## REQUIRED ACTION:
Each line of the records that follow must come back exactly, with pictures skipped.

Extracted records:
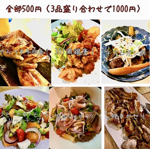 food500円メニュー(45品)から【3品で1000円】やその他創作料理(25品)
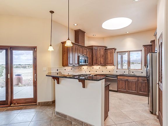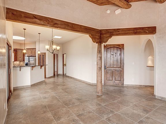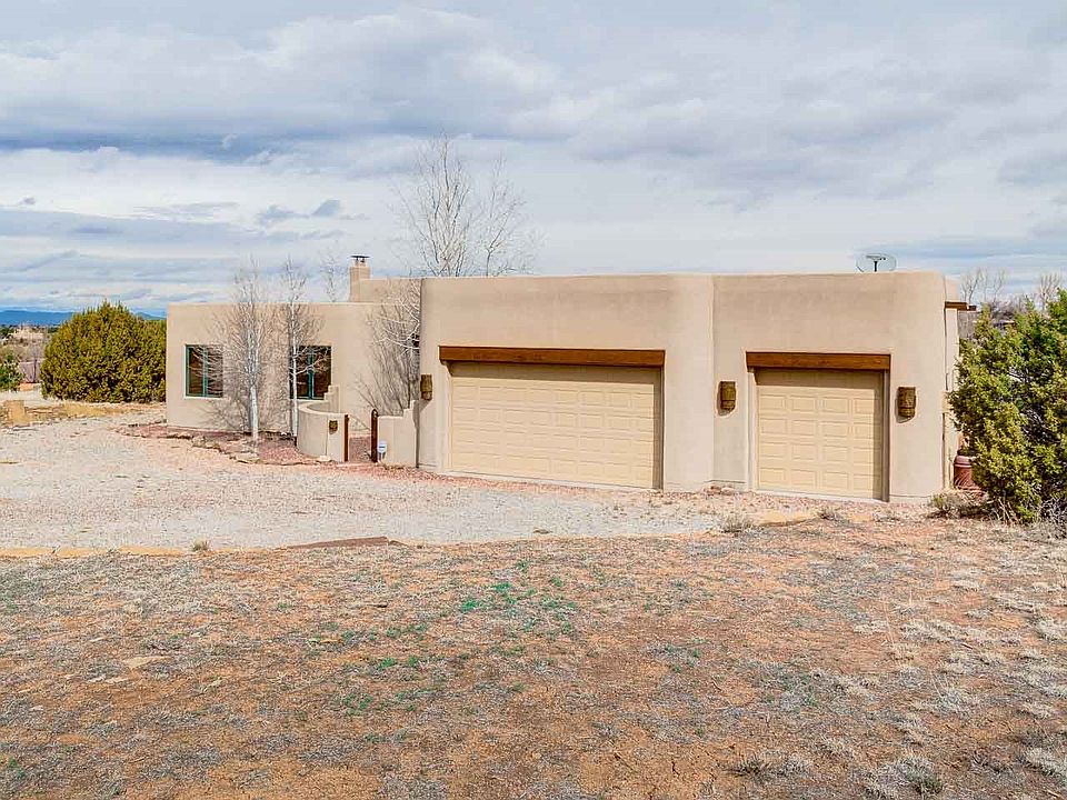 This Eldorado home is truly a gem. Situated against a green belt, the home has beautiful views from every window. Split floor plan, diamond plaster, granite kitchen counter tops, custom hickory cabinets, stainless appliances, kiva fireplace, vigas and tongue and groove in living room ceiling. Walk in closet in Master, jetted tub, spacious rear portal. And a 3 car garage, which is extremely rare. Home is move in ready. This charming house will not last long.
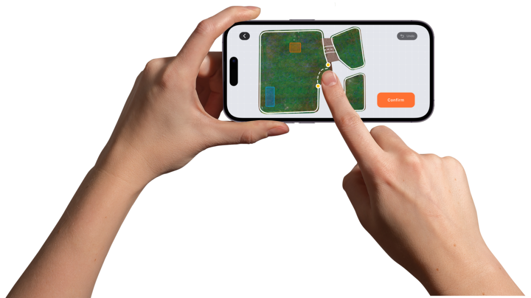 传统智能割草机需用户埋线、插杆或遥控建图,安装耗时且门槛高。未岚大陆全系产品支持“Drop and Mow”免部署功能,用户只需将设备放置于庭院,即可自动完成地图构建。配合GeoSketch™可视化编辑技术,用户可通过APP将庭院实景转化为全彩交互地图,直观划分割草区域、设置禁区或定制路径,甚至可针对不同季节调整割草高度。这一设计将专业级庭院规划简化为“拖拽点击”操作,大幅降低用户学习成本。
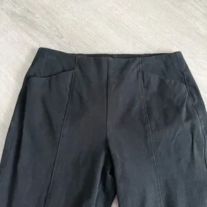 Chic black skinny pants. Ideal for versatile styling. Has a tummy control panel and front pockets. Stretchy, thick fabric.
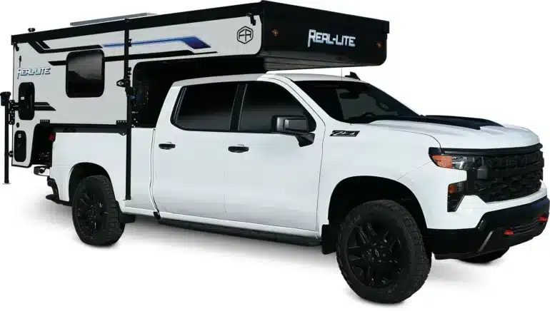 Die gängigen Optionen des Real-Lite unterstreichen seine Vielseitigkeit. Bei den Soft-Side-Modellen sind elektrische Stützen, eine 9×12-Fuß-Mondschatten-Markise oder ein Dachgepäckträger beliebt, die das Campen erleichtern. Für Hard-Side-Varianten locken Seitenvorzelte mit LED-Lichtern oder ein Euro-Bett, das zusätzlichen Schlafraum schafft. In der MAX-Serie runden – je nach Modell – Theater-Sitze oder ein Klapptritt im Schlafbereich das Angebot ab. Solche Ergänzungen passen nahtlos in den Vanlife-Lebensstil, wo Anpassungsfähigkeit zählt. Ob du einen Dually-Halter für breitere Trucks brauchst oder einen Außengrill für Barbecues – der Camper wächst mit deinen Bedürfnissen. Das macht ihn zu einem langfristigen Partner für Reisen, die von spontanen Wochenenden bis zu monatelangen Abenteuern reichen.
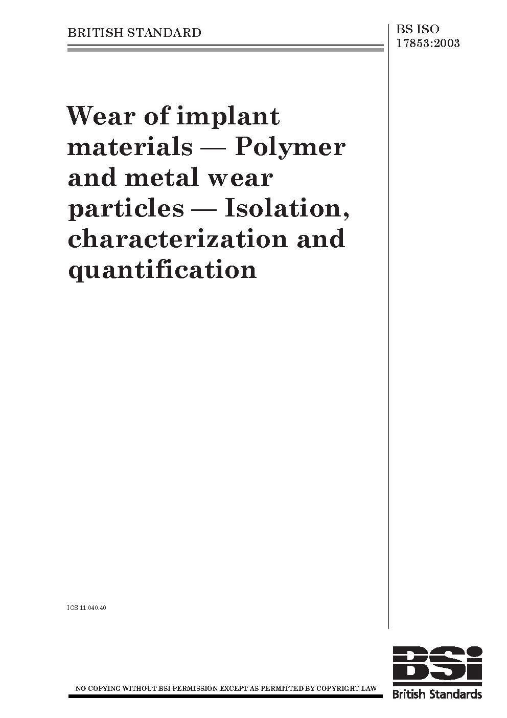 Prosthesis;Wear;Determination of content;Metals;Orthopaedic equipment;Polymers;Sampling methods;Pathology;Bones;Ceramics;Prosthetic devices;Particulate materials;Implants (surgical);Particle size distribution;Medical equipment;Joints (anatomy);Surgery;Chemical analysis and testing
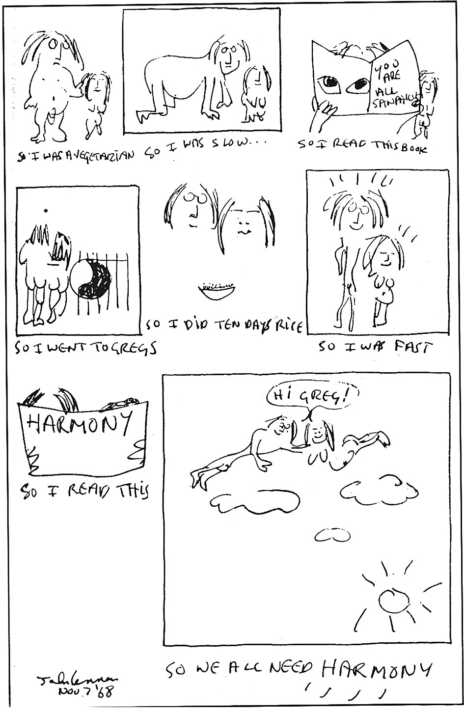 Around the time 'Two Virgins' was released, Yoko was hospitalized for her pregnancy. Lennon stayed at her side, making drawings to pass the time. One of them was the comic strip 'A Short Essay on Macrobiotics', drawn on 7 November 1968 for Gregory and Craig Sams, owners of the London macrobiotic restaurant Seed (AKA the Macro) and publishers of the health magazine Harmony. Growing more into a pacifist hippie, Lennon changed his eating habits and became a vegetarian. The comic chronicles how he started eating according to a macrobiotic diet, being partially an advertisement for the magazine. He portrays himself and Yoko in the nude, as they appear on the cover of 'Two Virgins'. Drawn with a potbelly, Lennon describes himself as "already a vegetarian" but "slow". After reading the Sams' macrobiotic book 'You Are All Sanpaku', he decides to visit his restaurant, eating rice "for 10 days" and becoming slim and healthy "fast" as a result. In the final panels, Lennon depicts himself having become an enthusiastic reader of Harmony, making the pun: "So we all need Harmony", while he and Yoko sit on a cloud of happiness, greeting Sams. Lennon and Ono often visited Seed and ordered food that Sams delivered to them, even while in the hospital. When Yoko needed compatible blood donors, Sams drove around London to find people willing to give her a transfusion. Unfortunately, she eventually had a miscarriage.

## OUTPUT OF THE TASK:
 food500円メニュー(45品)から【3品で1000円】やその他創作料理(25品)
 This Eldorado home is truly a gem. Situated against a green belt, the home has beautiful views from every window. Split floor plan, diamond plaster, granite kitchen counter tops, custom hickory cabinets, stainless appliances, kiva fireplace, vigas and tongue and groove in living room ceiling. Walk in closet in Master, jetted tub, spacious rear portal. And a 3 car garage, which is extremely rare. Home is move in ready. This charming house will not last long.
 传统智能割草机需用户埋线、插杆或遥控建图,安装耗时且门槛高。未岚大陆全系产品支持“Drop and Mow”免部署功能,用户只需将设备放置于庭院,即可自动完成地图构建。配合GeoSketch™可视化编辑技术,用户可通过APP将庭院实景转化为全彩交互地图,直观划分割草区域、设置禁区或定制路径,甚至可针对不同季节调整割草高度。这一设计将专业级庭院规划简化为“拖拽点击”操作,大幅降低用户学习成本。
 Chic black skinny pants. Ideal for versatile styling. Has a tummy control panel and front pockets. Stretchy, thick fabric.
 Die gängigen Optionen des Real-Lite unterstreichen seine Vielseitigkeit. Bei den Soft-Side-Modellen sind elektrische Stützen, eine 9×12-Fuß-Mondschatten-Markise oder ein Dachgepäckträger beliebt, die das Campen erleichtern. Für Hard-Side-Varianten locken Seitenvorzelte mit LED-Lichtern oder ein Euro-Bett, das zusätzlichen Schlafraum schafft. In der MAX-Serie runden – je nach Modell – Theater-Sitze oder ein Klapptritt im Schlafbereich das Angebot ab. Solche Ergänzungen passen nahtlos in den Vanlife-Lebensstil, wo Anpassungsfähigkeit zählt. Ob du einen Dually-Halter für breitere Trucks brauchst oder einen Außengrill für Barbecues – der Camper wächst mit deinen Bedürfnissen. Das macht ihn zu einem langfristigen Partner für Reisen, die von spontanen Wochenenden bis zu monatelangen Abenteuern reichen.
 Prosthesis;Wear;Determination of content;Metals;Orthopaedic equipment;Polymers;Sampling methods;Pathology;Bones;Ceramics;Prosthetic devices;Particulate materials;Implants (surgical);Particle size distribution;Medical equipment;Joints (anatomy);Surgery;Chemical analysis and testing
 Around the time 'Two Virgins' was released, Yoko was hospitalized for her pregnancy. Lennon stayed at her side, making drawings to pass the time. One of them was the comic strip 'A Short Essay on Macrobiotics', drawn on 7 November 1968 for Gregory and Craig Sams, owners of the London macrobiotic restaurant Seed (AKA the Macro) and publishers of the health magazine Harmony. Growing more into a pacifist hippie, Lennon changed his eating habits and became a vegetarian. The comic chronicles how he started eating according to a macrobiotic diet, being partially an advertisement for the magazine. He portrays himself and Yoko in the nude, as they appear on the cover of 'Two Virgins'. Drawn with a potbelly, Lennon describes himself as "already a vegetarian" but "slow". After reading the Sams' macrobiotic book 'You Are All Sanpaku', he decides to visit his restaurant, eating rice "for 10 days" and becoming slim and healthy "fast" as a result. In the final panels, Lennon depicts himself having become an enthusiastic reader of Harmony, making the pun: "So we all need Harmony", while he and Yoko sit on a cloud of happiness, greeting Sams. Lennon and Ono often visited Seed and ordered food that Sams delivered to them, even while in the hospital. When Yoko needed compatible blood donors, Sams drove around London to find people willing to give her a transfusion. Unfortunately, she eventually had a miscarriage.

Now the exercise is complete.